Jak już wcześniej wspomniałem, każda składowa kryteriów refundacyjnych musi być odpowiednio udokumentowana. Dużym problemem są sytuacje, gdy lekarz opiekujący się pacjentem w poradnia specjalistycznej lub w trakcie pobytu szpitalnego zaleci lub przepisze lek refundowany z tak rozbudowanymi kryteriami jak wcześniejszy przykład, nie opisując odpowiednio spełnienia wszystkich podpunktów refundacji w wydanej pacjentowi dokumentacji. Gdy zgłosicie się Państwo do swojej przychodni POZ z prośbą o jego kontynuację, a w dostarczonej dokumentacji nie zostanie dokładnie, punkt po punkcie
opisane, które kryteria refundacji zostały spełnione i dlaczego, wraz z wynikami badań – jeśli są one wymagane – na jej podstawie lekarz rodzinny nie może wypisać leku na zniżkę, chyba że sam będzie w stanie stwierdzić i udokumentować, że w chwili obecnej lub w momencie włączania leku w przeszłości wszystkie kryteria są/były spełnione. Sama sucha wzmianka, że ‘’należy się refundacja’’ lub wpisany obok nazwy leku i dawkowania poziom odpłatności np. ‘’30%’’, bez wyjaśnionych i odpowiednio udokumentowanych wszystkich szczegółów przedstawionych w kryteriach refundacyjnych niestety nie uprawnia lekarza rodzinnego do wypisania leku refundowanego. Taka sama sytuacja dotyczy refundacji na wyroby medyczne.
Co grozi lekarzowi, który wypisze lek lub wyrób medyczny z nienależną bądź z nieodpowiednio udokumentowaną refundacją?

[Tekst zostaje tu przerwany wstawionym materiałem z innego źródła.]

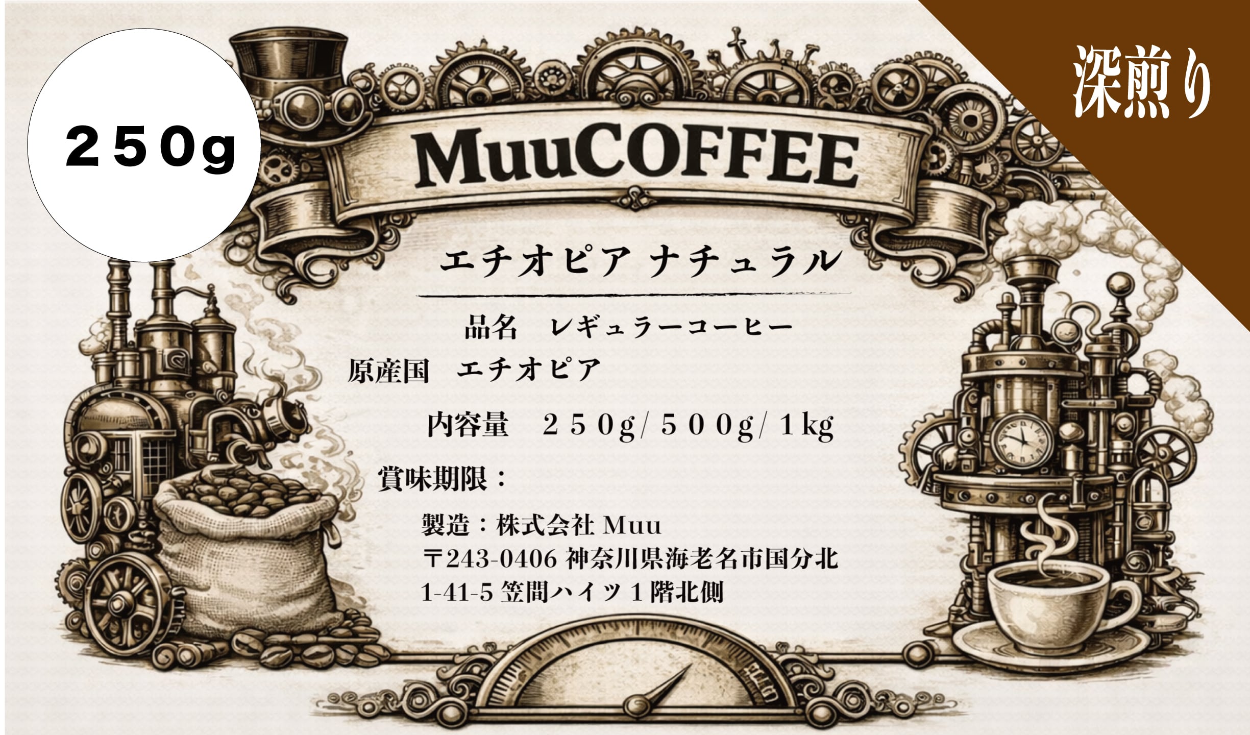 【250g】エチオピア ナチュラル 深煎り コーヒー豆

W przypadku kontroli NFZ, która może zostać wykonana do 6 lat od wypisania leku refundowanego, lekarz pokrywa wszelkie koszty związane z refundacją wraz z ustawowymi odsetkami, których wysokość zależy od czasu który upłynął. W latach 2014–2023 łączna wysokość kar nałożonych za nienależną refundację leków wyniosła ponad 61 mln zł, z czego ponad 49 mln zł to kary nałożone na lekarzy podstawowej opieki zdrowotnej, ponieważ to oni najczęściej zajmują się kontynuacją pacjentom ich leków stałych.